Other Quality Control Tools

• Trimmomatic, Cutadapt, BBMap, Fastp, and fastq_screen: Tools used for adapter and contaminant filtering, and identifying low-quality bases for trimming
• Fastq-screen is useful in identifying contaminating reads

PCR-based errors and sequencing errors

• Sequencing errors introduced by sequencing technology can be attributed to
  • Library preparation
  • Sequencing itself
• PCR bias, such as transitions and transversions, is more common
• High GC-containing sequences are harder to amplify than AT-rich sequences

Sources of Errors

• PCR-based: Transitions (more common) and transversions (less common) and PCR bias (some sequences amplified preferentially).
• Instrumental: Errors associated with instrument type. E.g., bridge amplification (Illumina), rolling-circle amplification, PacBio, Oxford Nanopore.

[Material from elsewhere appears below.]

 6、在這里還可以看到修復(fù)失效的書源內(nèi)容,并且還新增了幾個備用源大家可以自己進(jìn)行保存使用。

Handling Sequencing Errors

• Masking Low-Quality Bases: Replacing low-quality bases (below Q20) with N's (indels) in reads improves downstream analysis by ignoring low-quality bases
• Trimming Low-Quality Ends: Removing low-quality bases (below a quality threshold) from the end of sequencing reads preserves high-quality bases
• Error Correction Techniques: Correcting errors in sequencing data using k-mers or consensus-based correction.

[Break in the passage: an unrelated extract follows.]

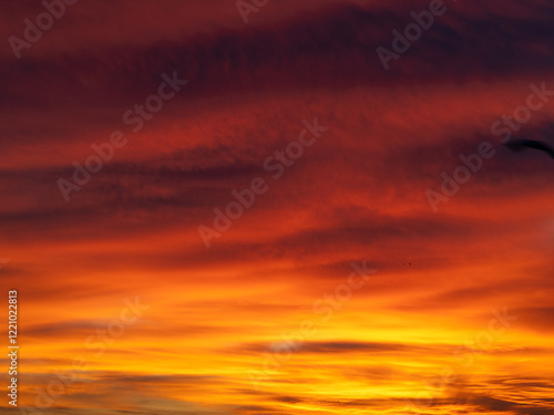Dusk, Sunset Sky Clouds in the Evening with colorful Orange, Yellow, Pink and red sunlight and Dramatic storm clouds on Twilight sky, Landscape horizon

Paired-End Consensus Correction

• Used to correct errors at the 3' end of short-read sequences
• Overlapping read pairs improve the confidence of shared calls, particularly for Sanger sequencing
• Common in Illumina data because 3' ends are prone to errors

K-mers in Bioinformatics

• A k-mer is a short sequence of length k extracted from a DNA sequence
• K-mer analysis helps to estimate genome size, identify repeating locations, identify error regions, and establish sequence quality.

Selecting K-mer Size

• Small k-values lead to many repetitive or non-unique k-mers, making analysis ambiguous
• Larger values enhance k-mer uniqueness, but too large a value makes analysis computationally expensive
• For standard genomic assemblies k = 21–31 is a starting point

K-mer Frequency and Analysis

• K-mer frequency analysis counts how many times each k-mer occurs in a sequence
• Presented as a histogram
• Useful in predicting genome size, identifying contamination in sequencing libraries, and correcting errors.
• Finding peak in k-mer graph lets you find genome size estimations

Genome Size Estimation

• K-mer analysis can determine the total length of a sequenced genome
• Identifying the peak representing unique k-mers from the sample
• Calculating the genome size from the total k-mer number

Transcriptome Kmer Frequency

• Used to analyze the frequency of k-mers in transcriptomes
• High diversity of k-mers in a transcriptome will usually indicate greater complexity

Popular K-mer Tools

• Jellyfish, KMC, GenomeScope, and BFC are popular and widely used k-mer tools
• Speed, output formats, and ease of integration are important considerations when choosing a k-mer tool

Correcting PCR library errors

• Crucial for accurate downstream analysis
• Using UMIs to differentiate genuine from PCR duplicates
• Can involve paired-end reads for error correction

Read Duplication Analysis

• Assess the amount of duplicate sequences for optical errors, over-sequencing, and PCR issues
• PCR and optical duplicates are commonly analyzed in large-scale data analysis
• High levels of duplication can affect quantification and variant calling accuracy

Summary

• Quality Control techniques such as read quality assessment, adapter/contamination filtering, base trimming, error correction and duplication analysis are important steps to enhance the accuracy of downstream analyses in bioinformatics. These steps significantly improve data reliability and accuracy, hence, resulting in more accurate results.

Description

Explore the importance of DNA sequence quality control in bioinformatics. This quiz covers essential QC measures, their impact on accuracy, and the implications of poor data quality. Understand how proper QC practices enhance reproducibility and prevent costly errors in research and clinical settings.